### Data supplied
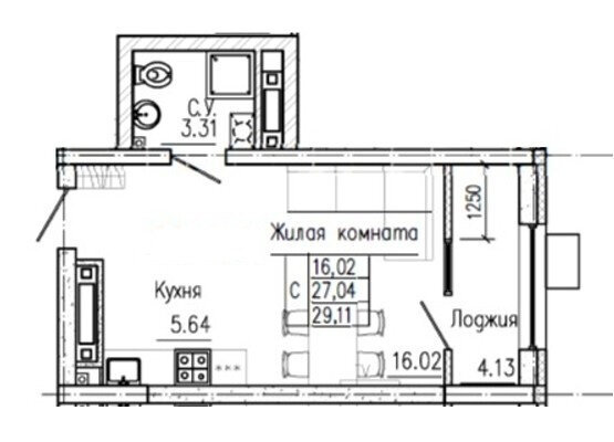 Общая площадь:29 м2
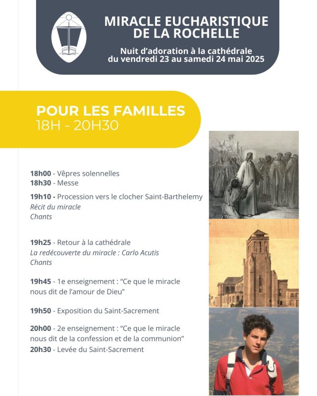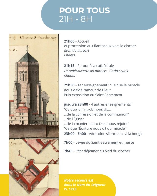 - de 23h à 7h, une nuit d’adoration ponctuée des récits de grands miracles eucharistiques ✨
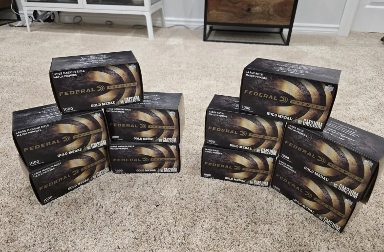 -Fed GM215M gold medal large rifle magnum primers: $300/brick of 1000
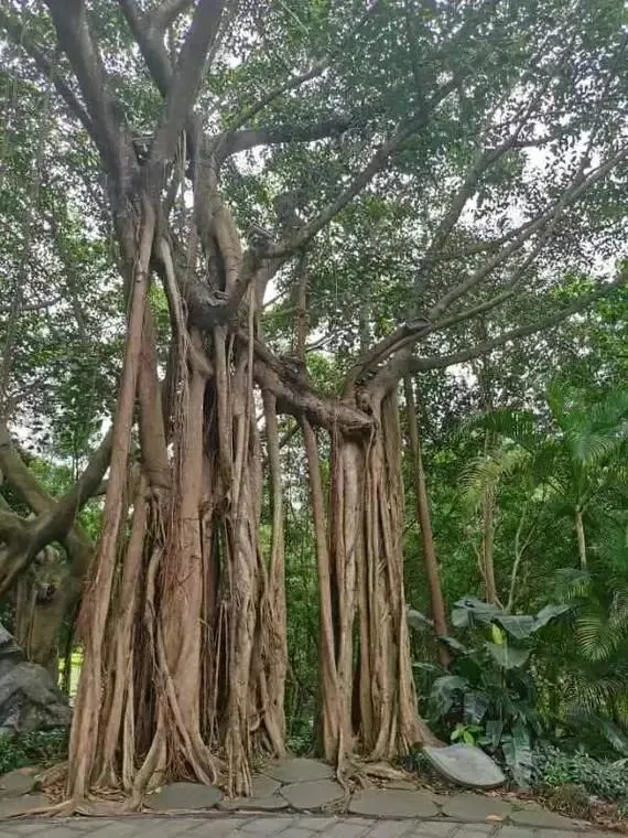行至山腰,雨林大观的奇景让人眼前一亮。这里的榕树树根垂落如帘,落地生根便成了“独木成林”的盛景;高大的乔木长出宽厚的板根,如巨人的手掌支撑着参天身躯。
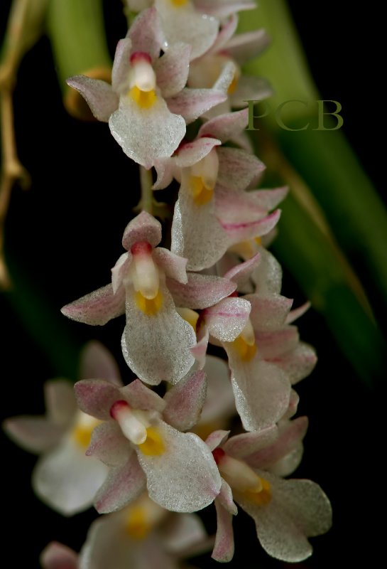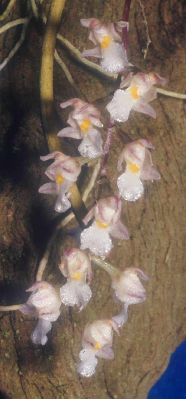 Found in Espirito Santo state of Brazil southward to northern Argentina on lichen and mossy, thin, tree trunks and twigs at elevations around 500 meters as a mini-miniature sized, warm to cool growing epiphyte with small, elongate, attenuate, clustered pseudobulbs covered with papery bracts carrying a single, apical, cylindrical, acute, fleshy, sulcate and channeled above leaves that blooms in the fall on a suberect to pendulous, densely few to many flowered, 1 5/8" to 2 3/4" [4 to 7 cm] long inflorescence carrying minute flowers.
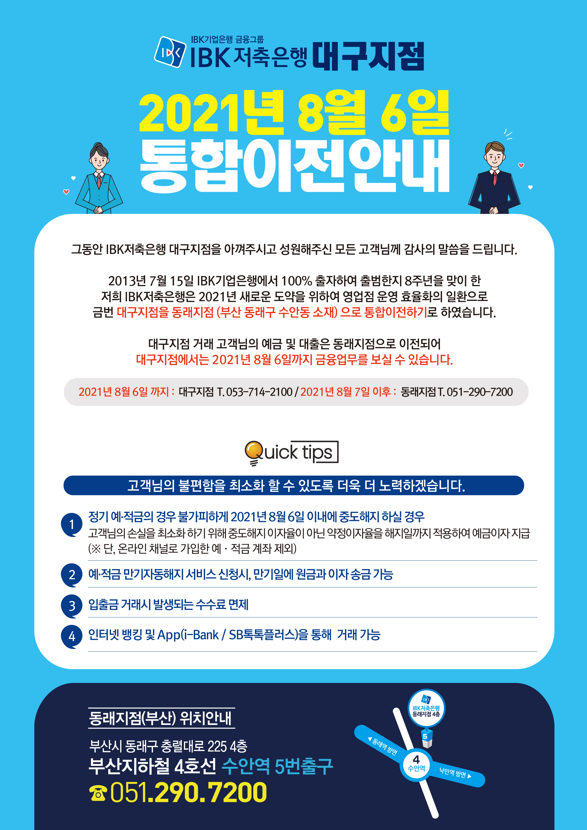 대구지점 통합이전 안내 작성자: 관리자 작성시간: 2021-06-11 16:05 조회수: 2,732 등록된 첨부파일이 없습니다. 이전글 (주)IBK저축은행 경력직(IB업무) 및 전문직(변호사, 회계사) 채용 공고 다음글 (주)IBK저축은행 경력직(회계/결산) 및 전문계약직(여신심사) 채용 수시 공고 목록
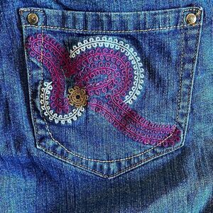 Description: Fun jeans with a stitch design on back pockets. 97% cotton/2% spandex. Medium wash.

### What you have to do
All of the material above is to be retyped verbatim, with its pictures omitted.

### Answer to this task
 Общая площадь:29 м2
 - de 23h à 7h, une nuit d’adoration ponctuée des récits de grands miracles eucharistiques ✨
 -Fed GM215M gold medal large rifle magnum primers: $300/brick of 1000
行至山腰,雨林大观的奇景让人眼前一亮。这里的榕树树根垂落如帘,落地生根便成了“独木成林”的盛景;高大的乔木长出宽厚的板根,如巨人的手掌支撑着参天身躯。
 Found in Espirito Santo state of Brazil southward to northern Argentina on lichen and mossy, thin, tree trunks and twigs at elevations around 500 meters as a mini-miniature sized, warm to cool growing epiphyte with small, elongate, attenuate, clustered pseudobulbs covered with papery bracts carrying a single, apical, cylindrical, acute, fleshy, sulcate and channeled above leaves that blooms in the fall on a suberect to pendulous, densely few to many flowered, 1 5/8" to 2 3/4" [4 to 7 cm] long inflorescence carrying minute flowers.
 대구지점 통합이전 안내 작성자: 관리자 작성시간: 2021-06-11 16:05 조회수: 2,732 등록된 첨부파일이 없습니다. 이전글 (주)IBK저축은행 경력직(IB업무) 및 전문직(변호사, 회계사) 채용 공고 다음글 (주)IBK저축은행 경력직(회계/결산) 및 전문계약직(여신심사) 채용 수시 공고 목록
 Description: Fun jeans with a stitch design on back pockets. 97% cotton/2% spandex. Medium wash.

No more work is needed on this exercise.